Save the Soil: A Guide to Successful Cover Cropping

Cover cropping, otherwise known as a catch crop, is the act of saving the soil through alternate and selective crop planting. You plant a crop not only to harvest but to cover the soil to restore its fertility. It is like intentionally planting unwanted crops to fulfill the purpose. And it acts like a scavenger crop that helps you clean or revitalize the soil and make it suitable for farming.

The end goal and success are not about how you do it but how you save the soil and ultimately save the environment. Cover crops revitalize soil health, prevent soil erosion, control the occurrence of pests, weeds, and diseases, and most of all preserve biodiversity.

As you consistently use the soil and consume its nutrients, you deplete its nutrients and fertility, resulting in barren or useless soil.

For sustainable farming, you can apply the cover cropping method to your field. To succeed in doing the process, you must know the basics and apply everything that  you will  learn herein.

A Healthy Soil 

The soil is the primary source of nutrients, oxygen, water, and root support of the plants. Soil is needed for the plants to grow and flourish. It is also needed to protect plant roots from drastic external forces such as temperature changes.

More than anything else, healthy soil is a living ecosystem of microscopic organisms that performs vital functions. Soil converts dead and decaying matter and performs critical regeneration processes of minerals into essential plant nutrients. Soil determines the nutrient capacity that will indicate and improve healthy crop production. Above all,  healthy soil increases its carbon content and helps mitigate climate change.

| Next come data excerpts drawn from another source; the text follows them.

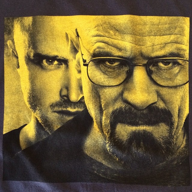 New 2 color print on a Sun Apparel Vintage Black Tee. #screenprinting #waterbase #dischargeprinting #breakingbad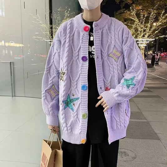 Men O-Neck Patchwork Cardigan for Autumn and Winter Single Breasted Casual Style
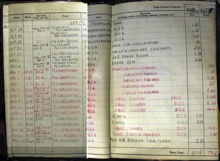 This page from the Walter Henry Powell Flight Book shows the crew becoming operational on Halifax III aircraft. Although duties were predominatly with F/O Christenson, the log also shows flights with F/O Hewson (2) , F/O Stewart (2), and P/O Lesing (1). Walter Henry Powell carried out the duties of a Mid-Upper Gunner. Click here to see a Handley-Page Halifax MK III Serial Number MZ425, named Little Lulu which the crew flew at Skipton-on-Swale.

To preserve and maintain the potency of the soil and make it sustainable, you must introduce cover cropping into your farming method. It would be best if you learn more about cover cropping so that the process will be efficient, valuable, and successful.

The Cover Crop

Like any farming method, cover cropping has significant purposes that you would want to realize, and among them are the following:

Reduce Soil Erosion

In farming, soil erosion is one of the eminent problems that farmers commonly encounter. It is a natural movement of the topsoil caused by agents like wind, water, mass movement, or tillage. When the soil encounters these agents, it will result in soil erosion wherein the most fertile layer of the soil is eroded or removed and thus end in long-term soil degradation. 

To avoid or reverse the long-term effect of soil erosion, you must apply cover cropping. You can plant non-legume cover crops like barley, wheat, rye, and triticale. These crops reduce soil loss from 32 % to 100%. You can also plant legumes on your farm like lentils, pea, or crimson clover to reduce soil loss by 38 % – 69%. While the best cover crop for soil erosion is mustard which reduces soil loss by up to 82%.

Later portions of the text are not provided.